• _DATA TO EXAMINE_:
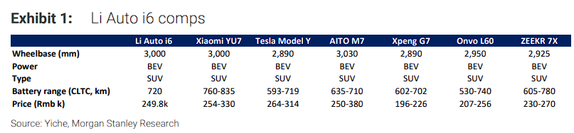 大摩称,从竞品对比来看,i6在同价位区间面临激烈竞争。
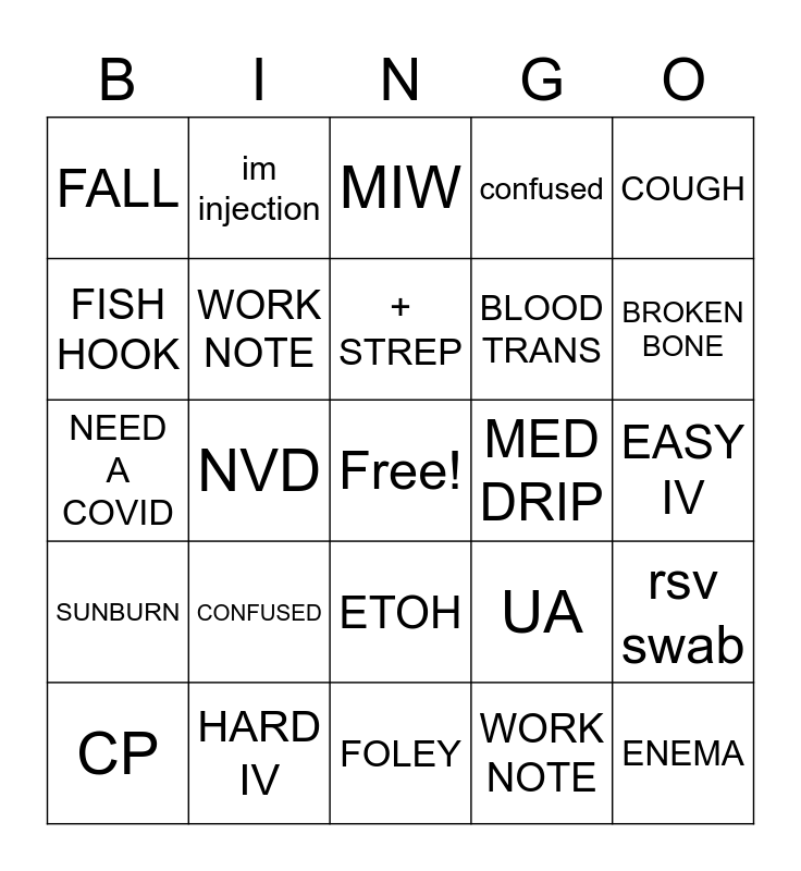 This bingo card has a free space and 29 words: CP, NTG, NVD, MVC, FALL, MIW, WORK NOTE, CONFUSED, MED DRIP, HARD IV, EASY IV, ENEMA, FOLEY, WORK NOTE, BROKEN BONE, GET OUT OF JAIL, ETOH, SUNBURN, COUGH, NEED A COVID, UA, STREP Swab, BLOOD TRANS, FISH HOOK, confused, im injection, rsv swab, + STREP and + COVID.
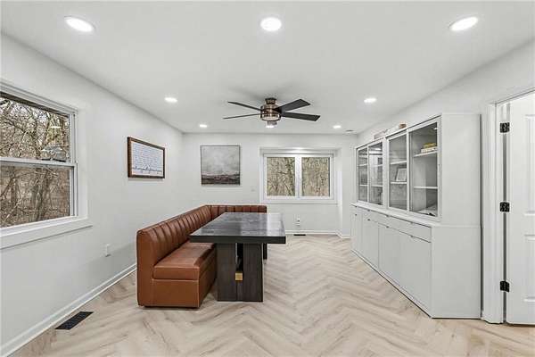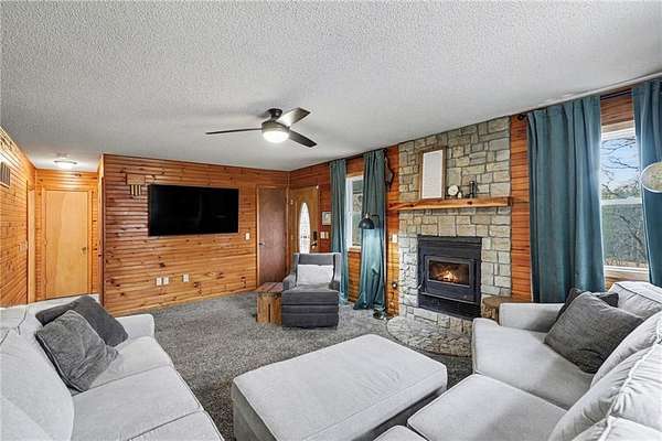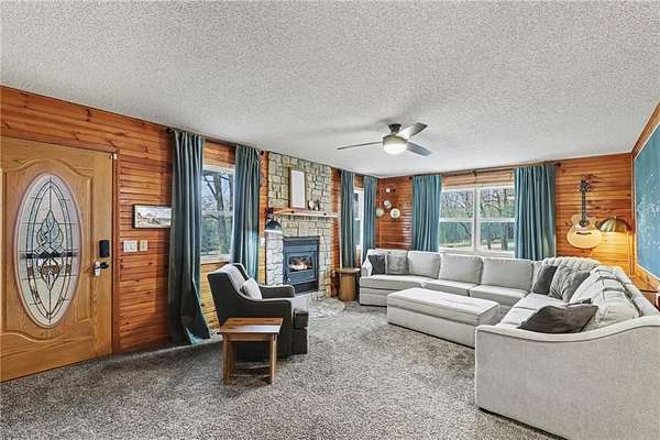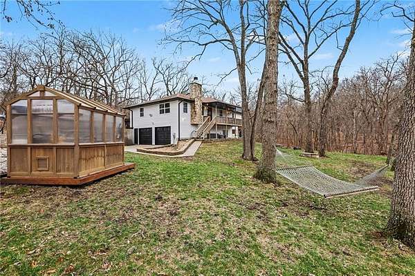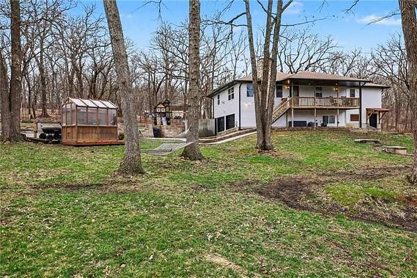 Welcome to your own private retreat on 9 picturesque acres in Kingsville, where peaceful country living meets modern comfort. This beautifully maintained 4-bedroom, 3-bathroom home offers the perfect balance of updated interiors and cozy countryside charm, surrounded by mature trees, open land, and abundant wildlife. Inside, the updated kitchen features high-end appliances, generous storage, and finishes that make it the heart of the home. The spacious layout provides comfortable everyday living along with flexible spaces for entertaining or working from home. The finished basement adds additional living space ideal for a family room, home office, or guest area. A whole-home water softener and purifier provide high-quality water throughout. Large windows frame peaceful views of the surrounding acreage. Enjoy watching squirrels in the trees, birds feeding nearby, and frequent visits from deer and wild turkey. In warmer months, tree frogs announce the arrival of spring and provide the soundtrack for quiet country evenings. On cooler nights, gather around the fireplace or enjoy the outdoor firepit while watching kids or grandkids play on the nearby playset. Step outside onto the covered porch and take in sweeping views of your land. The property is perfect for a hobby farm or homestead lifestyle, complete with a large storage shed/workshop, chicken coop, greenhouse, and a peaceful pond. Whether raising animals, gardening, or simply enjoying space and privacy, this property delivers. Despite the private setting, the home is still an easy drive to Kansas City and nearby amenities, offering the tranquility of rural Missouri with convenient access to the city. Properties with this combination of updated home, usable acreage, and outdoor lifestyle amenities are rare.
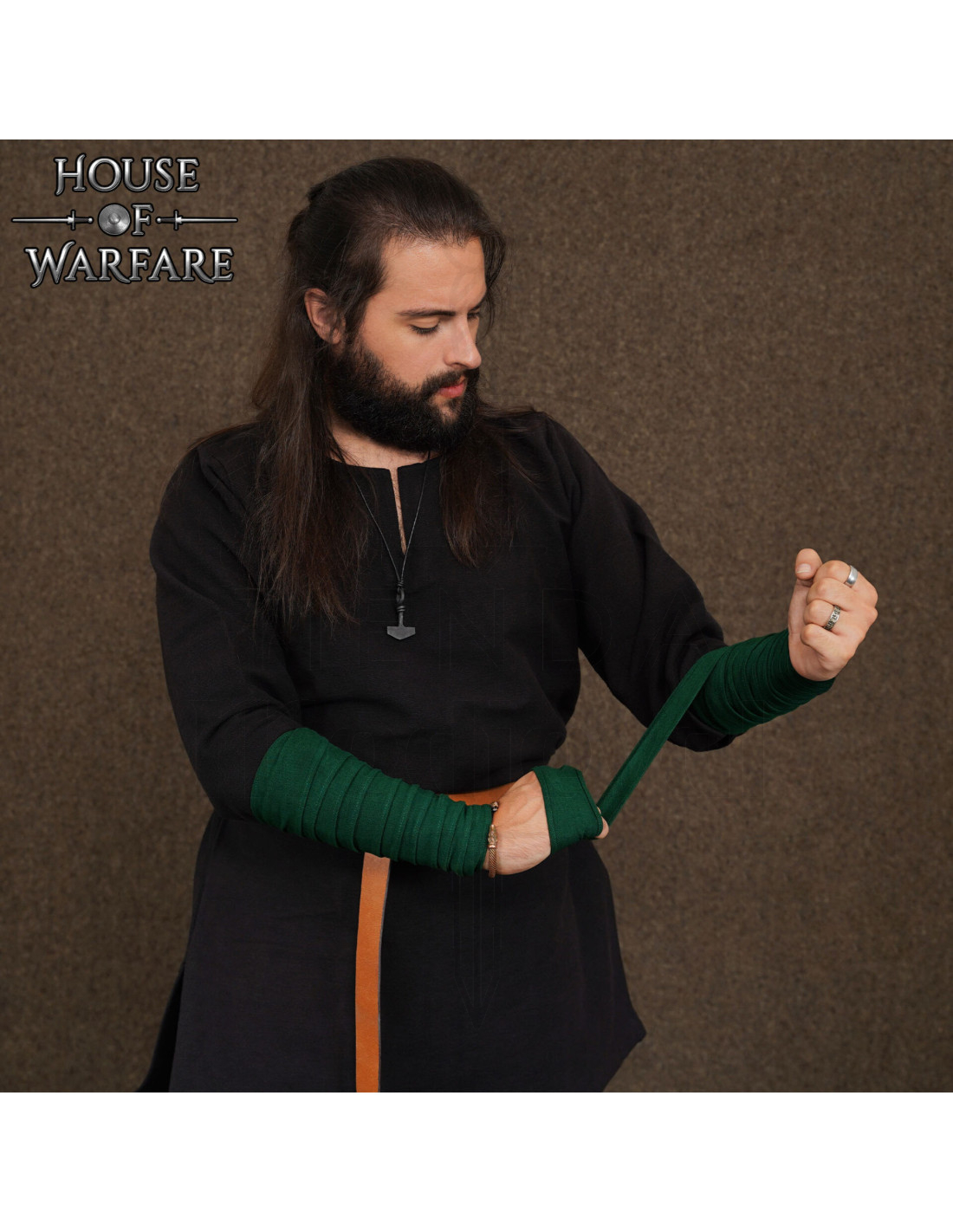 Essas tiras em verde garrafa envolvem seu antebraço com uma sensação firme, mas flexível, graças a uma lona de algodão tecida que respira e acompanha cada movimento. O resultado é uma peça que protege de raspões e marca seu estilo sem atrapalhar a ação, ideal para longos dias em eventos, banquetes ou partidas de RPG ao vivo.
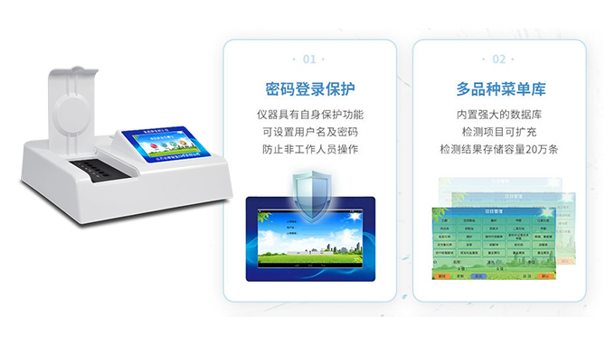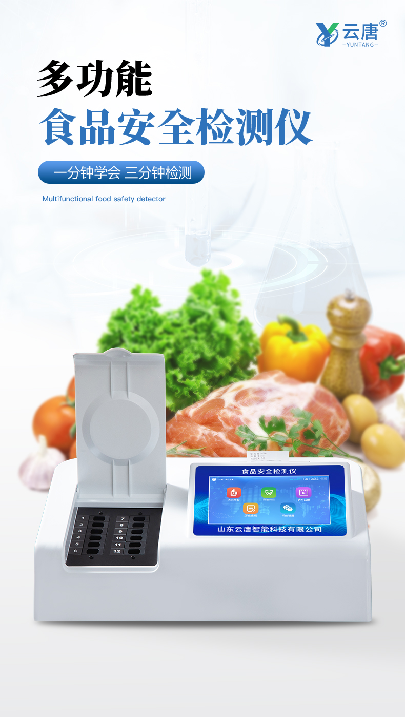 安卓智能操作系统,采用更加**和人性化操作,仪器具有网线连接、wifi联网上传、GPRS无线远传功能,快速上传数据。 | 智能化程度高,仪器具有自检功能:具有开机自检和调零功能,具有自动检测重复性功能。 | 检测通道:≥12个检测通道,可以同时测试多个样品,每个样品由程序控制分别独立工作,不会互相干扰。 | 显示方式:≥8英寸液晶触摸屏显示,人性化中文操作界面,读数直观、简单。 | 配备新一代嵌入式热敏打印机,可选择手动打印或者自动打印,检测完成可自动打印检测报告和二维码。 | 光源采用进口超高亮发光二极管,高精度、稳定性强、光源可控、可以关掉不使用的光源,功耗更低。 | 采用USB2.0接口设计,方便数据的存贮和移动,并可随时与计算机直接相连,并且可用计算机控制仪器。实现数据查询、浏览、分析、统计、打印等。 | 仪器带有监管平台。数据可局域网和互联网数据上传,检测结果直接传至食品安全监管平台。进行区域食品安全监管及大数据分析处理,检测区域食品安全长短期动态,达到食品安全问题预估、预警 | 一体化便携式快检设备,满足现场及流动检测使用需求,能够在同一软件下实现所有检测项目的检测,并可通过同一窗口直观显示检测结果。 | 仪器具有多品类多种类样品菜单库,可灵活选择检测样品,不同的检测通道可同时检测不同的样品项目。也可在仪器上直接编辑录入样品名称、检测指标、送检单位等信息并保存进样品数据库。 | 样品处理简单省力,整体操作快速、安全、便捷。 | 仪器具有自身保护功能,可设置用户名及密码,防止非工作人员操作等。 | 高灵敏度,高检测精度,高重复性精度,扫描式高精度光学传感器。 | 内置强大的数据库,可在仪器上直接选择样品名称、检测指标、送检单位等信息,也可在仪器上直接编辑录入样品名称、检测指标、送检单位等信息并保存进样品数据库。 | 仪器具有重新校准、锁定、恢复出厂设置功能。 | 支持U盘存储。 结果判定线可修改,对照值标定值可保存,断电不丢失数据。 |
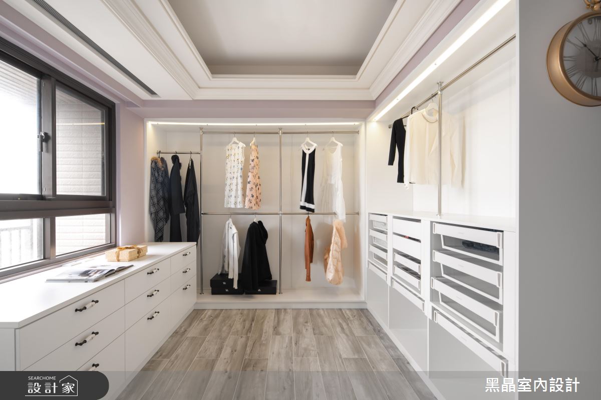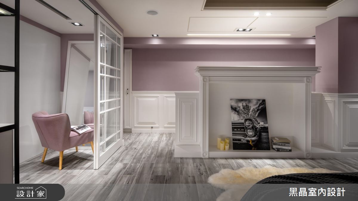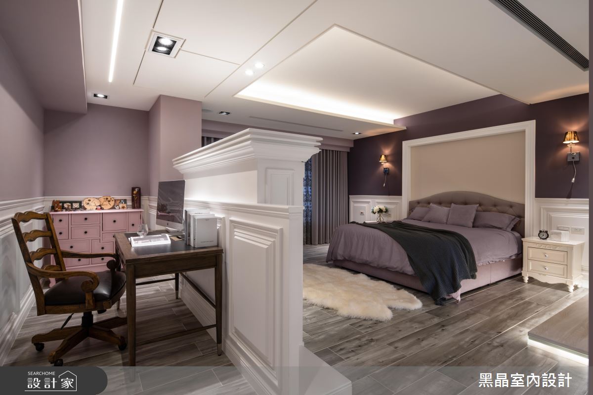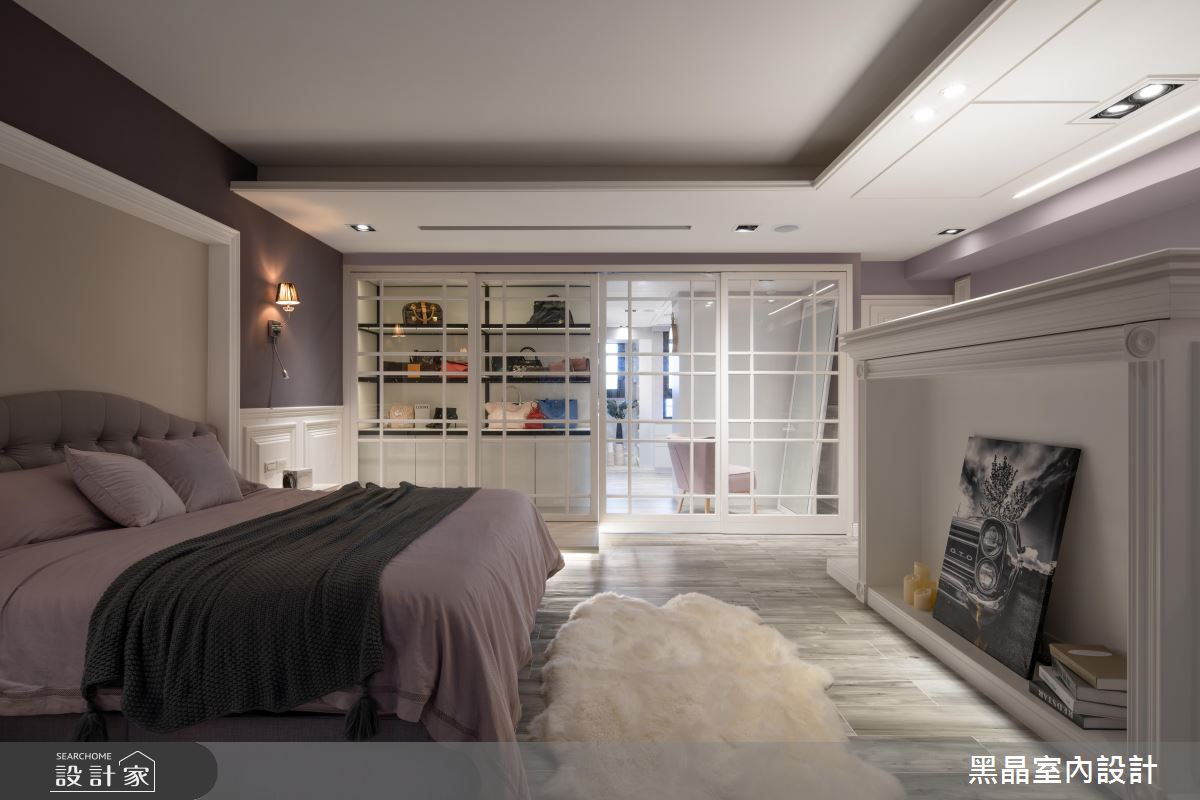 主臥高貴紫包覆的立面、對稱語彙的床頭設計、壁爐造型的電視牆隔間,傳遞沉穩神秘的華麗風格;收納層架特意以開放式呈現,便於收放物品外,擺上女主人的包包收藏,成為一面精品展示區高質感端景,一面落地穿衣鏡及粉色單椅,更完整了女人夢想中的更衣室樣貌。

• _EXERCISE INSTRUCTIONS_: Could you set down verbatim the lines from the beginning of the entries above through the line containing "This bingo card", both included, leaving out the pictures?

• _TASK RESPONSE_:
 大摩称,从竞品对比来看,i6在同价位区间面临激烈竞争。
 This bingo card has a free space and 29 words: CP, NTG, NVD, MVC, FALL, MIW, WORK NOTE, CONFUSED, MED DRIP, HARD IV, EASY IV, ENEMA, FOLEY, WORK NOTE, BROKEN BONE, GET OUT OF JAIL, ETOH, SUNBURN, COUGH, NEED A COVID, UA, STREP Swab, BLOOD TRANS, FISH HOOK, confused, im injection, rsv swab, + STREP and + COVID.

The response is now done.